* _Dataset content_:
——

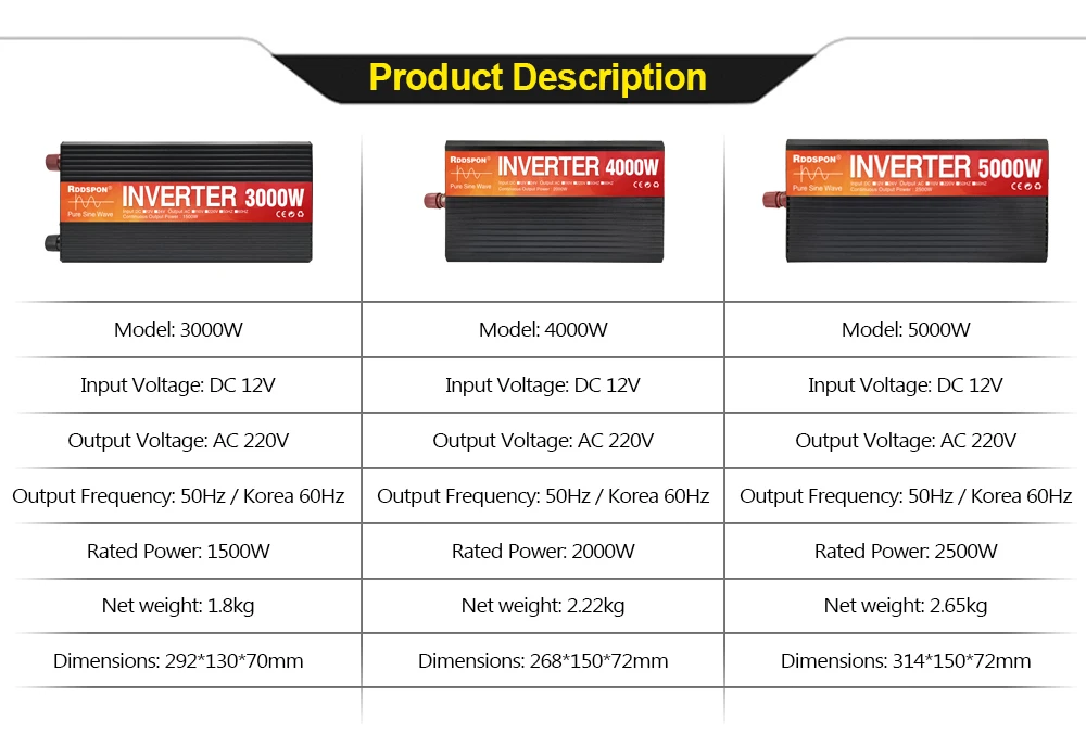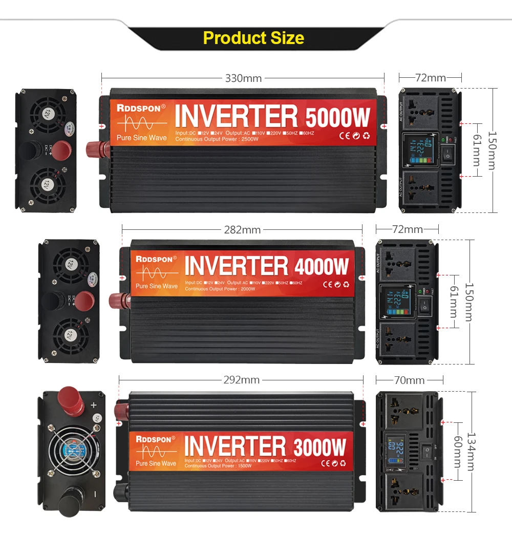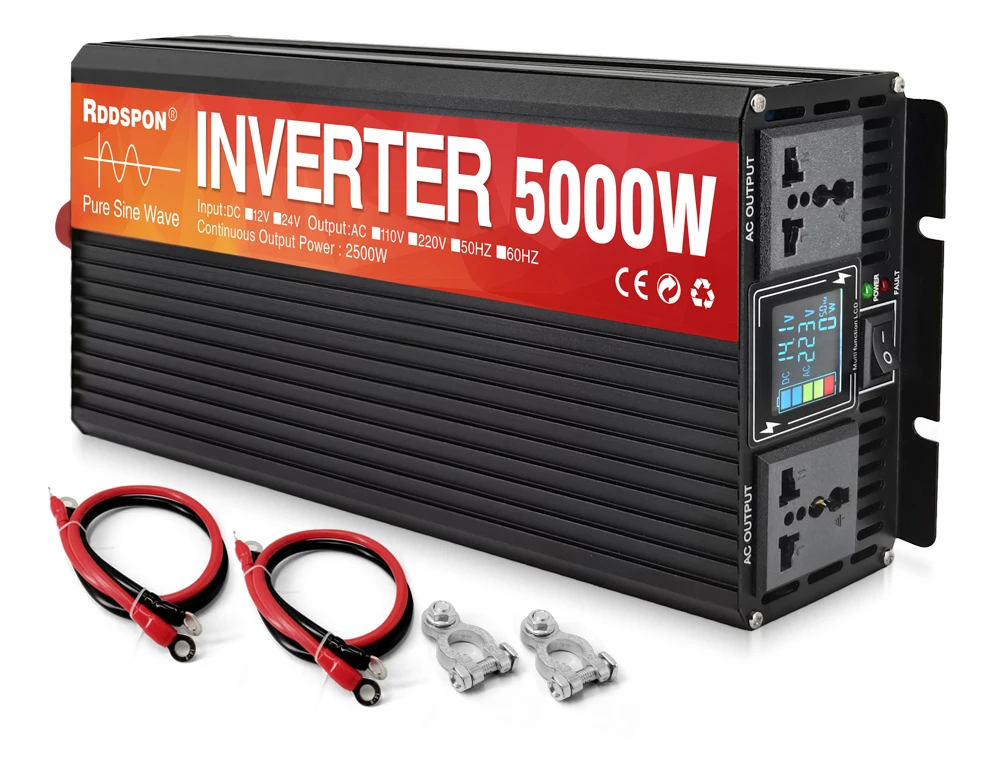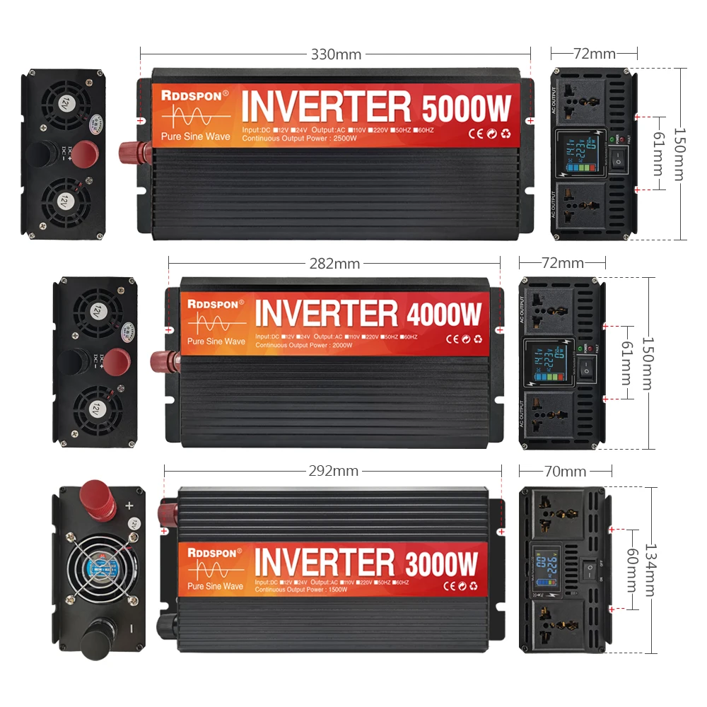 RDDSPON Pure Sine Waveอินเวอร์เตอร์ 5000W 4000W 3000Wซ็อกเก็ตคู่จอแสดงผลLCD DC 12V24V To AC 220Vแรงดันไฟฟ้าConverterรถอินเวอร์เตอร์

——

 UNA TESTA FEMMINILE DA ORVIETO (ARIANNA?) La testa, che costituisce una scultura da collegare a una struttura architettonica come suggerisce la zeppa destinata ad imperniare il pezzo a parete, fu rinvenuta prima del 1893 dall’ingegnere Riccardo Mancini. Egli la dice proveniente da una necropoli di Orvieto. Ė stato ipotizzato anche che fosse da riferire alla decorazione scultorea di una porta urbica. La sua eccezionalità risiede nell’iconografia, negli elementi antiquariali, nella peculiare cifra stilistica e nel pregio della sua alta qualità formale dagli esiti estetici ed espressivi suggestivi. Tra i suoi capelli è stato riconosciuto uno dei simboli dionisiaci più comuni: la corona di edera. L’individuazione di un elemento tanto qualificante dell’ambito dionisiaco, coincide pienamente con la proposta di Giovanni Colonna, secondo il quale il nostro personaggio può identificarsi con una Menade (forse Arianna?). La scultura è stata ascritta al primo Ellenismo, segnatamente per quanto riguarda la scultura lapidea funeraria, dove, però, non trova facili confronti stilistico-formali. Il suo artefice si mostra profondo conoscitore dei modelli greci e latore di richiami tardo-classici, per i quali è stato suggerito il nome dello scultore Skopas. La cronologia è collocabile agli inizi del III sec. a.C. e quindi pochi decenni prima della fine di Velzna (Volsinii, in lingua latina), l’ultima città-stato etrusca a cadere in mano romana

——

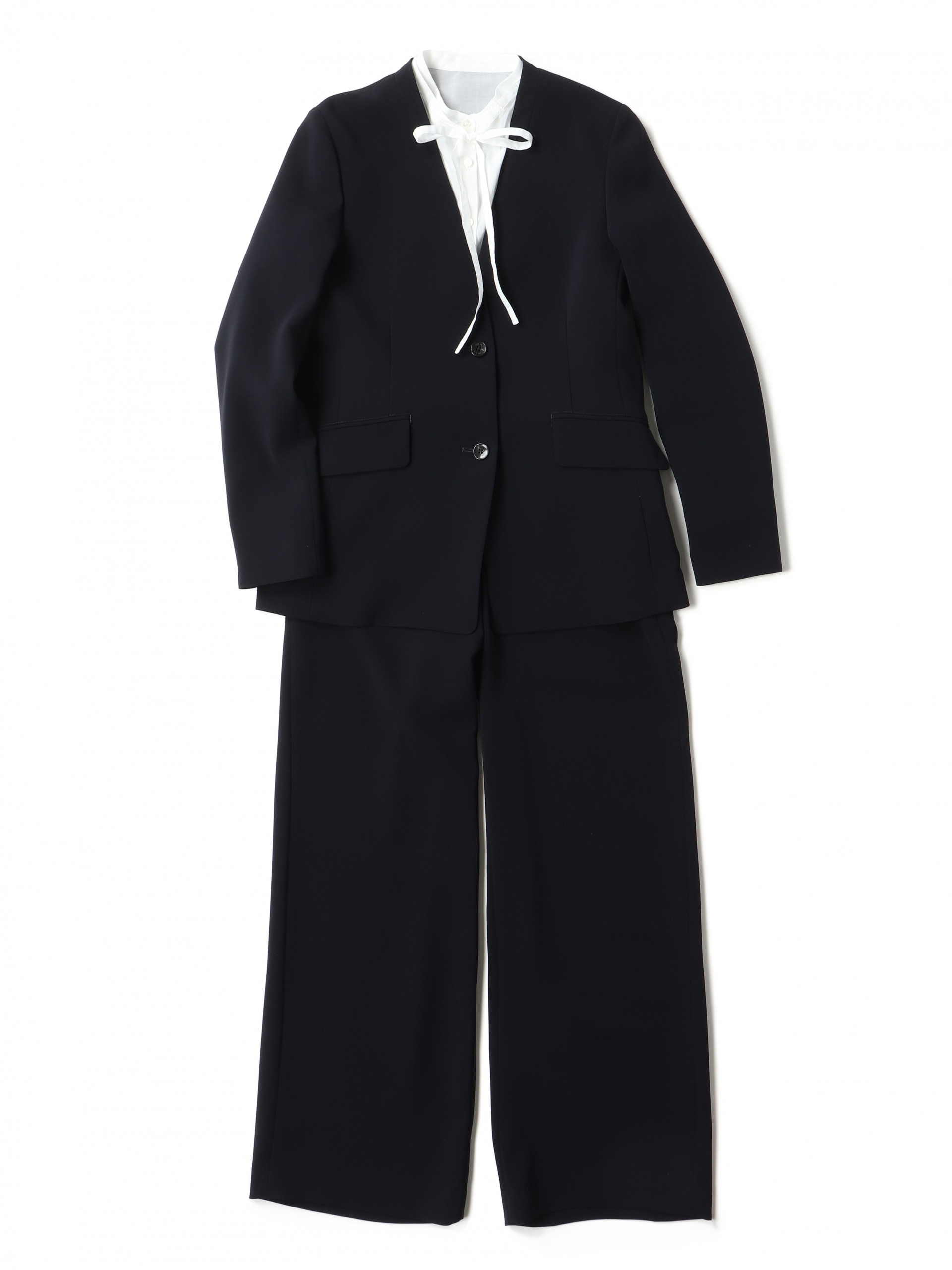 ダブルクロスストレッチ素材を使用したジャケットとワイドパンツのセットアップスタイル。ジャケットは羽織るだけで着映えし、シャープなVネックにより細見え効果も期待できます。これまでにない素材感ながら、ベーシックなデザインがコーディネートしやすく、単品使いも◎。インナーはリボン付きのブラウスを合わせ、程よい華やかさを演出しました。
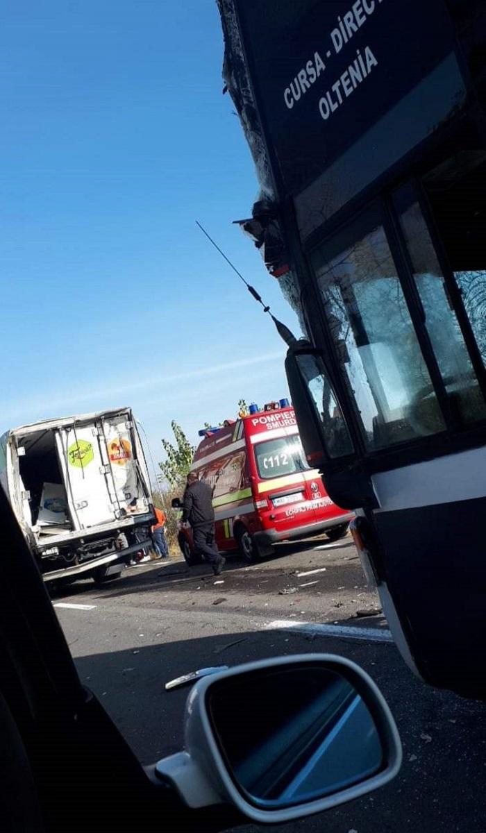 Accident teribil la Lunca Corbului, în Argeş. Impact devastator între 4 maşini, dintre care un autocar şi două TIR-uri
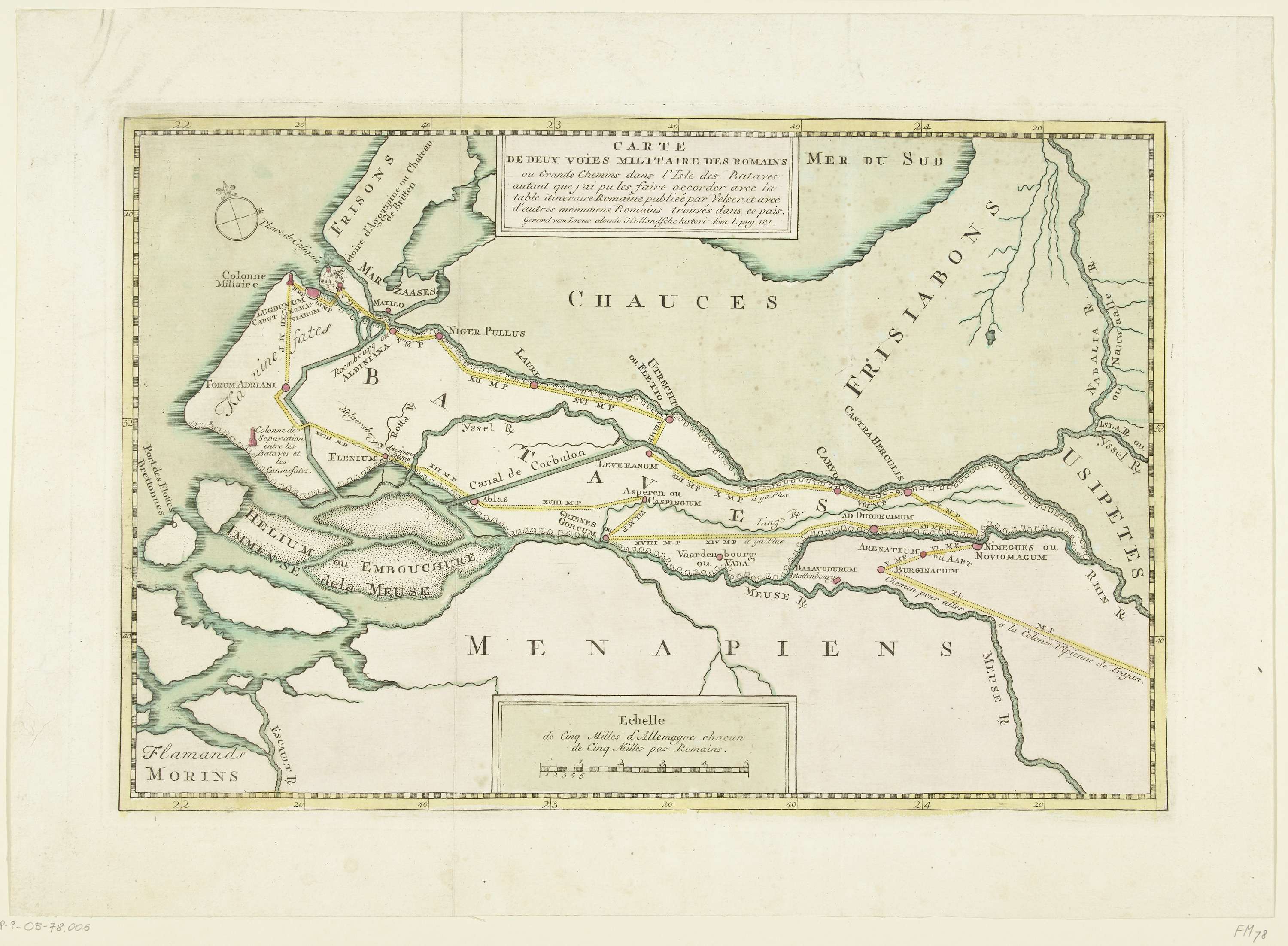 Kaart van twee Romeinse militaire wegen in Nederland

——

* _What you are asked to do_: Write back the stretch of lines above that begins with the line holding "ダブルクロスストレッチ素材を" and ends with the line holding "Kaart van twee", both included, exactly as written. Pictures stay out.

* _Answer to the problem_:
 ダブルクロスストレッチ素材を使用したジャケットとワイドパンツのセットアップスタイル。ジャケットは羽織るだけで着映えし、シャープなVネックにより細見え効果も期待できます。これまでにない素材感ながら、ベーシックなデザインがコーディネートしやすく、単品使いも◎。インナーはリボン付きのブラウスを合わせ、程よい華やかさを演出しました。
 Accident teribil la Lunca Corbului, în Argeş. Impact devastator între 4 maşini, dintre care un autocar şi două TIR-uri
 Kaart van twee Romeinse militaire wegen in Nederland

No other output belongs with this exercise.